#### [Input records]

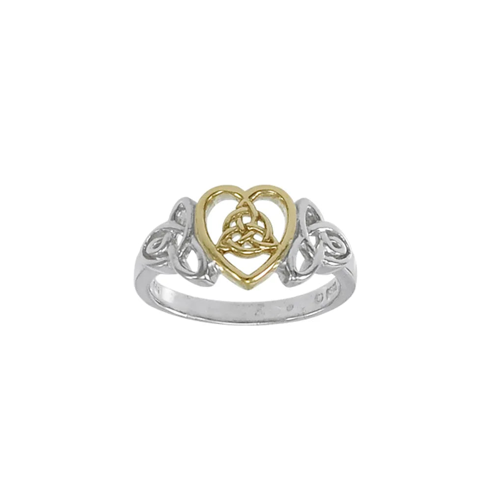 Celtic Knotwork Trinity Heart Sterling Silver with 14K Gold Accent Ring MRI873
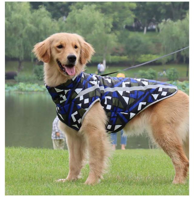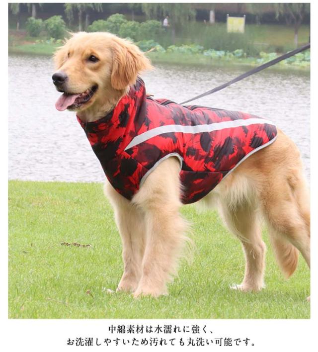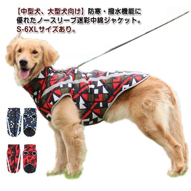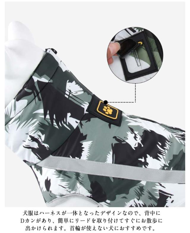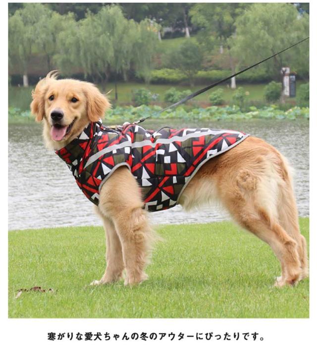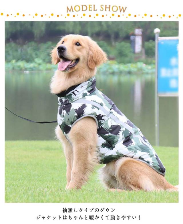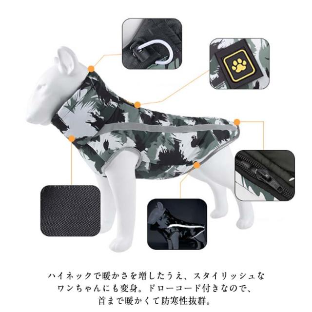 背中開き S-6XL! 着脱簡単 袖なし コート ハーネス 迷彩柄 中綿 幾何学柄 大型犬 向け ジャケット ハイネック ダウン ドッグウェア 中型犬 秋 冬 服 軽量 防水 犬服 犬用 撥水 背中ファスナー ジャンパー S-6XL! 冬服 防寒 暖かい
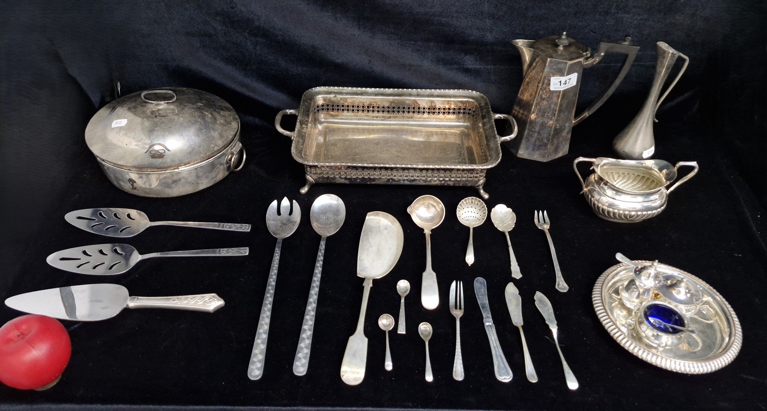 A group of assorted vintage and antique silverplated items including an Art Deco coffee pot with Bakelite handle, sugar bowl, a footed tray with pierced gallery, a cruet set and a serving tureen.
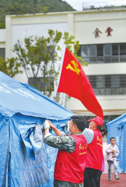 正忙著在震中搭建安置帳篷的他,正是這些天刷屏的“刨哥”主角,徒手從廢墟中“刨”出被困人員的特警。9月5日12時52分,瀘定縣6.8級地震發(fā)生后,陸云濤同州公安局特警支隊240名特戰(zhàn)隊員第一時間集結(jié),于當天下午2點20分奔赴至磨西鎮(zhèn),是第一波抵達震中的救援力量。
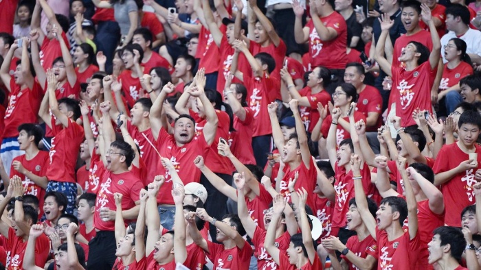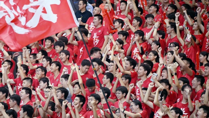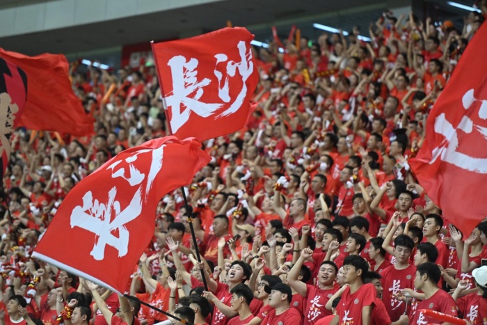 “长沙傲腿踢四方!”“长沙,必胜!”声浪一次又一次次席卷全场,学子们炽热的眼神与挥舞的手臂,成为赛场里灼热的火炬。
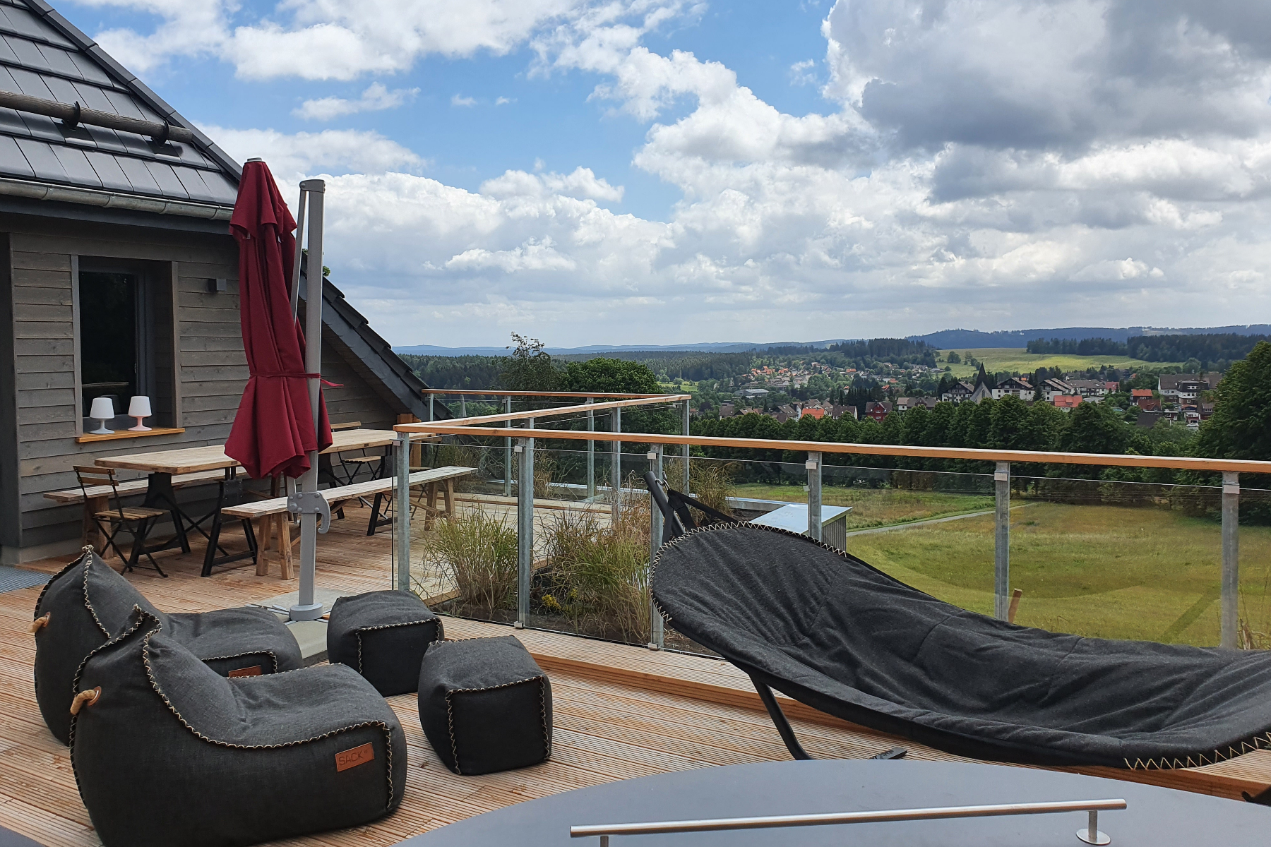 Ferner verfügt die Lodge über eine 36 qm große Terrasse mit Grill (buchbar) und Blick auf die Skiwiese und über den Harz.

#### [What is expected]
Write out the material above exactly. Skip the pictures.

#### [Solution to the exercise]
 Celtic Knotwork Trinity Heart Sterling Silver with 14K Gold Accent Ring MRI873
 背中開き S-6XL! 着脱簡単 袖なし コート ハーネス 迷彩柄 中綿 幾何学柄 大型犬 向け ジャケット ハイネック ダウン ドッグウェア 中型犬 秋 冬 服 軽量 防水 犬服 犬用 撥水 背中ファスナー ジャンパー S-6XL! 冬服 防寒 暖かい
 A group of assorted vintage and antique silverplated items including an Art Deco coffee pot with Bakelite handle, sugar bowl, a footed tray with pierced gallery, a cruet set and a serving tureen.
 正忙著在震中搭建安置帳篷的他,正是這些天刷屏的“刨哥”主角,徒手從廢墟中“刨”出被困人員的特警。9月5日12時52分,瀘定縣6.8級地震發(fā)生后,陸云濤同州公安局特警支隊240名特戰(zhàn)隊員第一時間集結(jié),于當天下午2點20分奔赴至磨西鎮(zhèn),是第一波抵達震中的救援力量。
 “长沙傲腿踢四方!”“长沙,必胜!”声浪一次又一次次席卷全场,学子们炽热的眼神与挥舞的手臂,成为赛场里灼热的火炬。
 Ferner verfügt die Lodge über eine 36 qm große Terrasse mit Grill (buchbar) und Blick auf die Skiwiese und über den Harz.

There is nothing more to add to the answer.